If we talk about the types of draws, *flush draw* is now a little weak, and could be downgraded in the following table.

In this table, the probabilities are independent of the number of players. In addition, the white straights are not taken into account (but without significant impact on the figures).

Reading is direct: for example, with a deck of 48-cards, the probability that a player is better than a pair of aces is 16.1%.
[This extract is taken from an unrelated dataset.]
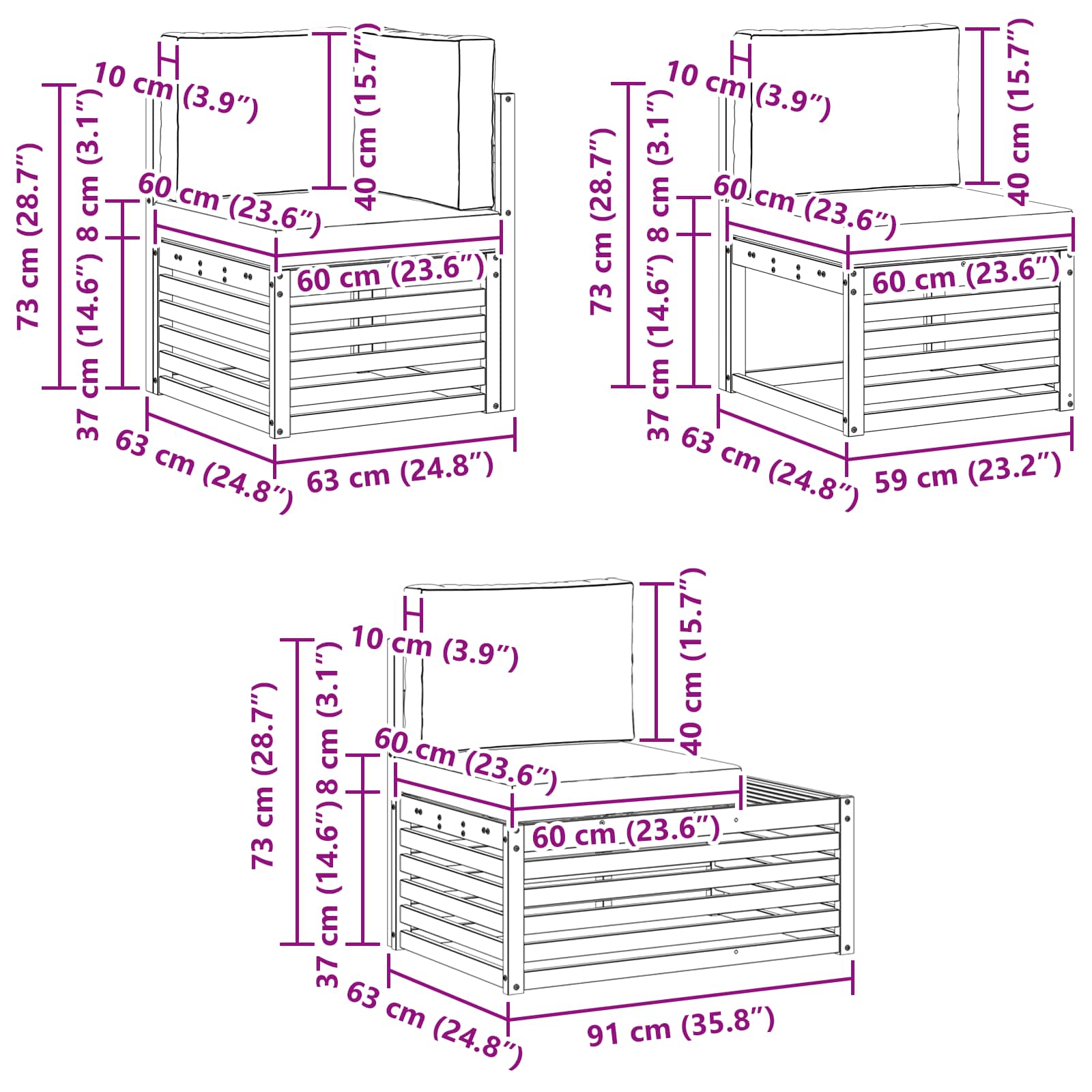 - 2 x končna sedežna: 91 x 63 x 73 cm (D x Š x V)

Number of cards in deck | |||||
---|---|---|---|---|---|

Hand | 52 | 48 | 44 | 40 | 32 |

Three of a kind | 0,7 % | 0,9 % | 1,1 % | 1,5 % | 2,9 % |

Two pair | 2,8 % | 3,3 % | 4,1 % | 5,1 % | 8,8 % |

Draw | 7,5 % | 8,9 % | 10,7 % | 13,0 % | 20,8 % |

Pair As | 14,4 % | 16,1 % | 18,4 % | 21,5 % | 30,9 % |

Pait King | 17,5 % | 19,6 % | 22,4 % | 26,0 % | 36,8 % |

Pair Queen | 20,5 % | 23,1 % | 26,4 % | 30,5 % | 42,7 % |

Pair jack | 23,6 % | 26,6 % | 30,3 % | 35,0 % | 48,6 % |

Pair 10 | 26,7 % | 30,1 % | 34,3 % | 39,5 % | 54,5 % |

Pair 9 | 29,8 % | 33,6 % | 38,2 % | 44,0 % | 60,4 % |

Pair 8 | 32,8 % | 37,0 % | 42,2 % | 48,6 % | 66,3 % |

Pair 7 | 35,9 % | 40,5 % | 46,1 % | 53,1 % | 72,2 % |

Pair 6 | 39,0 % | 44,0 % | 50,1 % | 57,6 % | |

Pair 5 | 42,1 % | 47,5 % | 54,1 % | 62,1 % | |

Pair 4 | 45,2 % | 51,0 % | 58,0 % | ||

Pair 3 | 48,2 % | 54,4 % | |||

Pair 2 | 51,3 % |

The table can answer questions like:

I have a pair of king served, we play four with 32 cards, what is the probability that my hand is the best?

Here is the calculation steps in response:

- The probability for a player to have at least a pair of kings is: 36.8%. This is the probability of having more than a pair of queens. It therefore has 63.2% chance of having strictly less than a pair of kings.
- For the pair of kings to be the strongest, the first opponent must have less AND the second to have less and the third to have less.

The probability of this event is the product: 63.2% x 63.2% x 63.2% = 25.24%

- Our pair of kings therefore has 25.24% chance of beating the other three players.

## Keith Wilson

It gets a bit more challenging with my deck especially when you bring in rainbow hands. Grappling with a php script for the Draw page.